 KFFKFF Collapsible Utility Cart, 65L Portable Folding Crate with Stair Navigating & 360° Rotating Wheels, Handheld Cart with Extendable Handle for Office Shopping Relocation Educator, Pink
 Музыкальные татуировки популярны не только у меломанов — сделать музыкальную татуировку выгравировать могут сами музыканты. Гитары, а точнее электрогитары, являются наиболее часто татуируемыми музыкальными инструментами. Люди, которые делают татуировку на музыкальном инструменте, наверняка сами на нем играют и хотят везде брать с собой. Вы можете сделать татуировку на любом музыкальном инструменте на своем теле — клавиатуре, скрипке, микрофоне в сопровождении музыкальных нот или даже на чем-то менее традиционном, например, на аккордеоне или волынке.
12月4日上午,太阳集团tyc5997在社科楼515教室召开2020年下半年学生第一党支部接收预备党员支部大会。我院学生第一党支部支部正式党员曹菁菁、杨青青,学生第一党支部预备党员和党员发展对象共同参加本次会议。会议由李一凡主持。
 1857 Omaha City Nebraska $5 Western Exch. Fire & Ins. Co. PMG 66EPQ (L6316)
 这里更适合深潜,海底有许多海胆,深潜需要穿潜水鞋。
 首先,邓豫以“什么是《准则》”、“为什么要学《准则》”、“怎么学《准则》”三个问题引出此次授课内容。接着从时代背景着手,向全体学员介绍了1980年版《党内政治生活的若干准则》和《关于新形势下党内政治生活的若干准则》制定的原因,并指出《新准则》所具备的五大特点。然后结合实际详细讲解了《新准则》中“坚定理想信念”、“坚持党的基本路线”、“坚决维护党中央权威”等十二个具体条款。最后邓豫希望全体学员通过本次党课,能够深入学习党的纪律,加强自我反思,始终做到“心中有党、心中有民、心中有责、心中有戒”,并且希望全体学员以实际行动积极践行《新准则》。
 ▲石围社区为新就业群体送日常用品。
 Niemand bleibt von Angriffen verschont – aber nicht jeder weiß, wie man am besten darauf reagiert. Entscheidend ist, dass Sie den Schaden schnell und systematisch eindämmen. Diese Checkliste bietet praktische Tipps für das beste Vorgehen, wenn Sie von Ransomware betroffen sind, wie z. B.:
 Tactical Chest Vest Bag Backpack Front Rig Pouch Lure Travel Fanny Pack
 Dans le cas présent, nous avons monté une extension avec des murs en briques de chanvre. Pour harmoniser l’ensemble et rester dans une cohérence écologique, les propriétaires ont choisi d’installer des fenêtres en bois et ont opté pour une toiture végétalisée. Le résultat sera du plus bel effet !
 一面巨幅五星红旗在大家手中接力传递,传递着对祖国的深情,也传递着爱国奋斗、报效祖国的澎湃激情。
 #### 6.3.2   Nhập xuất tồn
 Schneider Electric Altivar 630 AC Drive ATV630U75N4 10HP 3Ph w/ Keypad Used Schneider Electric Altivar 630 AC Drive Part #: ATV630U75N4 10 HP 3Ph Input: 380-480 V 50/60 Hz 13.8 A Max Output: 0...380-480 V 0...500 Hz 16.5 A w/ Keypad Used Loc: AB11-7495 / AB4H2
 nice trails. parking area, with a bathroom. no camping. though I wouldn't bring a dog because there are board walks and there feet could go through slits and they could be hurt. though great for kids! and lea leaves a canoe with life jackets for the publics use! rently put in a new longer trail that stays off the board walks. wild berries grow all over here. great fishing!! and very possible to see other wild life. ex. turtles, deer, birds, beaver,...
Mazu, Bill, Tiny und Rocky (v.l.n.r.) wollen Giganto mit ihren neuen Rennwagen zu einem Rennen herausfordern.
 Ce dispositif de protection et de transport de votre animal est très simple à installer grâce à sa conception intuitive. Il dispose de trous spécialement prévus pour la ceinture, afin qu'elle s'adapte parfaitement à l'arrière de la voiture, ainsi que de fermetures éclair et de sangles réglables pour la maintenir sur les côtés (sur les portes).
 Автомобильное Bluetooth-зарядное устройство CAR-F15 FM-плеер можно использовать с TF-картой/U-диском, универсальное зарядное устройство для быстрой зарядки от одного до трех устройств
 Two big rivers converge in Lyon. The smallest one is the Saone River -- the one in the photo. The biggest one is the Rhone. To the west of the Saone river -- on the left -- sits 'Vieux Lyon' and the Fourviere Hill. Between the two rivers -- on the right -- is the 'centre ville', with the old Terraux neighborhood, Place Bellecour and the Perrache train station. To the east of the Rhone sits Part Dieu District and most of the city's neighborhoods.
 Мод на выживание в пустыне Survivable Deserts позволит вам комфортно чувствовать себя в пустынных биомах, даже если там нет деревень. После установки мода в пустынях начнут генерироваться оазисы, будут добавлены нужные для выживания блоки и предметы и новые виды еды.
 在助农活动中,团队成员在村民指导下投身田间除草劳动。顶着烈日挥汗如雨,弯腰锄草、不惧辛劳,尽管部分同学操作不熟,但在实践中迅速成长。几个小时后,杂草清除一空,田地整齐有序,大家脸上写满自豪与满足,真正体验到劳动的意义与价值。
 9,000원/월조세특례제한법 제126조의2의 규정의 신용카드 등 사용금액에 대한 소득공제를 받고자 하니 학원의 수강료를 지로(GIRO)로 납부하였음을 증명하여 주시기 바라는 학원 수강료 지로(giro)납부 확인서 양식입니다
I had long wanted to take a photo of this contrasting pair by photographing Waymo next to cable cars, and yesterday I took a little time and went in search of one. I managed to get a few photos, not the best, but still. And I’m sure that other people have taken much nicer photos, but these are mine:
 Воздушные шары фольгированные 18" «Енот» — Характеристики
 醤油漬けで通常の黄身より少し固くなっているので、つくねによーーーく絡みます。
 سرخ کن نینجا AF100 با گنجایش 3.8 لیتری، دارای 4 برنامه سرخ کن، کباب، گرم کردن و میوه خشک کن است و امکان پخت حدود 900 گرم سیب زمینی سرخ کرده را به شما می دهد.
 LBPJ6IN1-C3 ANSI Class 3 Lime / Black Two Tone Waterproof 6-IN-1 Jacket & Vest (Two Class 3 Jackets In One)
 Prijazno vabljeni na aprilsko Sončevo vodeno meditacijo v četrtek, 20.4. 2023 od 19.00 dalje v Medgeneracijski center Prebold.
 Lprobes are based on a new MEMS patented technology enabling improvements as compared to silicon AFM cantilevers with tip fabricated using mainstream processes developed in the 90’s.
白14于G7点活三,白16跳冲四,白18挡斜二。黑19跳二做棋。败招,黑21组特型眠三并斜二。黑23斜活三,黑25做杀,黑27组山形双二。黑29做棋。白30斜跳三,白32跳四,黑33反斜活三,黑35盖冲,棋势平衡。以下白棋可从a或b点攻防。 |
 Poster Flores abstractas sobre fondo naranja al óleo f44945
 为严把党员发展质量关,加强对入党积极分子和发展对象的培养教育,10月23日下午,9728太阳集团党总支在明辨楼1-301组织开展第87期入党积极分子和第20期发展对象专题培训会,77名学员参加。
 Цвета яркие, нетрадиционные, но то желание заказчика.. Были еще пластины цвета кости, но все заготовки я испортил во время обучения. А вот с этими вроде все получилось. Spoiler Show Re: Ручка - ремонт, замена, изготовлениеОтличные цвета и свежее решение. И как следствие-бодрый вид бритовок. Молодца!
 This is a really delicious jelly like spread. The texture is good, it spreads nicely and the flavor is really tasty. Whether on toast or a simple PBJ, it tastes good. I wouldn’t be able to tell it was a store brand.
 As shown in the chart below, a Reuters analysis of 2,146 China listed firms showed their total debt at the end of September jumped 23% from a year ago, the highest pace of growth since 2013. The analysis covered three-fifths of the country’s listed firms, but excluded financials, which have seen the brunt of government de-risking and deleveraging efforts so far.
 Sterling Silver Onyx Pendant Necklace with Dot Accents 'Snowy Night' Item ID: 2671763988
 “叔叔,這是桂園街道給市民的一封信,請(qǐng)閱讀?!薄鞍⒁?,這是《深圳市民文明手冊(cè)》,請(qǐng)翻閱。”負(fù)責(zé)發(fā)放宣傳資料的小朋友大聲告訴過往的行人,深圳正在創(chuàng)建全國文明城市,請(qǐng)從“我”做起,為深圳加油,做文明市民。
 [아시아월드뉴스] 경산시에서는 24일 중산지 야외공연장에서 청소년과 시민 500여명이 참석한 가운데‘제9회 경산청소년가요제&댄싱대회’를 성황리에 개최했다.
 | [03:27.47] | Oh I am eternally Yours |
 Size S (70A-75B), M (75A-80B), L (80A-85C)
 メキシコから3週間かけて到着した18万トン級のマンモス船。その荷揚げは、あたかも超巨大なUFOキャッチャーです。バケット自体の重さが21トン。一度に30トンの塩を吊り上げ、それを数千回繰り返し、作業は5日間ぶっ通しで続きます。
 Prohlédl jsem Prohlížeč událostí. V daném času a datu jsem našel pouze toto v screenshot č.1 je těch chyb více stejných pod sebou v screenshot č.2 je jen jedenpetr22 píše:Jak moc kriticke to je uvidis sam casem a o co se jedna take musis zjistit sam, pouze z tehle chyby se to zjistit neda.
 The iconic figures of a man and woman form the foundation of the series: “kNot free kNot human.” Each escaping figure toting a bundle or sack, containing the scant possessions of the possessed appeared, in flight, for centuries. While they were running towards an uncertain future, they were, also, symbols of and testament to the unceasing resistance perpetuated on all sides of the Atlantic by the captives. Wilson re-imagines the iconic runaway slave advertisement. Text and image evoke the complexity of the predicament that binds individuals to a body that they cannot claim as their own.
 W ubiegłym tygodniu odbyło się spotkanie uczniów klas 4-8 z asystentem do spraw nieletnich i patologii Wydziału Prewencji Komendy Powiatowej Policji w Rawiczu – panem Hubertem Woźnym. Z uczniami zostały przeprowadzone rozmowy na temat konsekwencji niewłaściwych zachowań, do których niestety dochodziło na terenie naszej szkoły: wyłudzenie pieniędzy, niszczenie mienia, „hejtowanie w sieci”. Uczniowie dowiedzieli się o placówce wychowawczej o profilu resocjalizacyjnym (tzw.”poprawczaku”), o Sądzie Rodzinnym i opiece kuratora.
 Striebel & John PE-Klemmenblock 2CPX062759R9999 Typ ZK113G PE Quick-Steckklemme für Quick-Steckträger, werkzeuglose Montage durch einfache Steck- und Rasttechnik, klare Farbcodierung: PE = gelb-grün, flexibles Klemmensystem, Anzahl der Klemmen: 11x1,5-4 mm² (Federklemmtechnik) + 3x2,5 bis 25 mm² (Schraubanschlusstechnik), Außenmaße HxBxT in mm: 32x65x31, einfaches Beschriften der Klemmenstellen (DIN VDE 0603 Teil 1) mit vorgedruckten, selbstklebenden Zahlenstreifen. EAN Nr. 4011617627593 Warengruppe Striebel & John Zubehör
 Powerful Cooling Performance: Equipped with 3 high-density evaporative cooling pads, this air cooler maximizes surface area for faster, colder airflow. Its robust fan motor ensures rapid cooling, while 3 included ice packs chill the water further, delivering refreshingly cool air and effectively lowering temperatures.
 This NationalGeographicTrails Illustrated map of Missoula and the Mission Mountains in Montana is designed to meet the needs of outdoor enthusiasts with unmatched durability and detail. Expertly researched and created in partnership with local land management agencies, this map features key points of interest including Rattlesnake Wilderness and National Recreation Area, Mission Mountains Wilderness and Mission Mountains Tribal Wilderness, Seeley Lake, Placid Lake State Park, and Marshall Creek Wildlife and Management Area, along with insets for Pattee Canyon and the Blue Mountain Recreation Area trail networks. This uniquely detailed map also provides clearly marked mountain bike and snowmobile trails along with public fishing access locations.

→ WORK TO COMPLETE: All that belongs in your answer is the stretch of entries above from the line with "Lprobes are based" through the line with "Prohlédl jsem Prohlížeč", printed exactly.

→ RESULT OF THIS EXERCISE:
 Lprobes are based on a new MEMS patented technology enabling improvements as compared to silicon AFM cantilevers with tip fabricated using mainstream processes developed in the 90’s.
白14于G7点活三,白16跳冲四,白18挡斜二。黑19跳二做棋。败招,黑21组特型眠三并斜二。黑23斜活三,黑25做杀,黑27组山形双二。黑29做棋。白30斜跳三,白32跳四,黑33反斜活三,黑35盖冲,棋势平衡。以下白棋可从a或b点攻防。 |
 Poster Flores abstractas sobre fondo naranja al óleo f44945
 为严把党员发展质量关,加强对入党积极分子和发展对象的培养教育,10月23日下午,9728太阳集团党总支在明辨楼1-301组织开展第87期入党积极分子和第20期发展对象专题培训会,77名学员参加。
 Цвета яркие, нетрадиционные, но то желание заказчика.. Были еще пластины цвета кости, но все заготовки я испортил во время обучения. А вот с этими вроде все получилось. Spoiler Show Re: Ручка - ремонт, замена, изготовлениеОтличные цвета и свежее решение. И как следствие-бодрый вид бритовок. Молодца!
 This is a really delicious jelly like spread. The texture is good, it spreads nicely and the flavor is really tasty. Whether on toast or a simple PBJ, it tastes good. I wouldn’t be able to tell it was a store brand.
 As shown in the chart below, a Reuters analysis of 2,146 China listed firms showed their total debt at the end of September jumped 23% from a year ago, the highest pace of growth since 2013. The analysis covered three-fifths of the country’s listed firms, but excluded financials, which have seen the brunt of government de-risking and deleveraging efforts so far.
 Sterling Silver Onyx Pendant Necklace with Dot Accents 'Snowy Night' Item ID: 2671763988
 “叔叔,這是桂園街道給市民的一封信,請(qǐng)閱讀?!薄鞍⒁?,這是《深圳市民文明手冊(cè)》,請(qǐng)翻閱。”負(fù)責(zé)發(fā)放宣傳資料的小朋友大聲告訴過往的行人,深圳正在創(chuàng)建全國文明城市,請(qǐng)從“我”做起,為深圳加油,做文明市民。
 [아시아월드뉴스] 경산시에서는 24일 중산지 야외공연장에서 청소년과 시민 500여명이 참석한 가운데‘제9회 경산청소년가요제&댄싱대회’를 성황리에 개최했다.
 | [03:27.47] | Oh I am eternally Yours |
 Size S (70A-75B), M (75A-80B), L (80A-85C)
 メキシコから3週間かけて到着した18万トン級のマンモス船。その荷揚げは、あたかも超巨大なUFOキャッチャーです。バケット自体の重さが21トン。一度に30トンの塩を吊り上げ、それを数千回繰り返し、作業は5日間ぶっ通しで続きます。
 Prohlédl jsem Prohlížeč událostí. V daném času a datu jsem našel pouze toto v screenshot č.1 je těch chyb více stejných pod sebou v screenshot č.2 je jen jedenpetr22 píše:Jak moc kriticke to je uvidis sam casem a o co se jedna take musis zjistit sam, pouze z tehle chyby se to zjistit neda.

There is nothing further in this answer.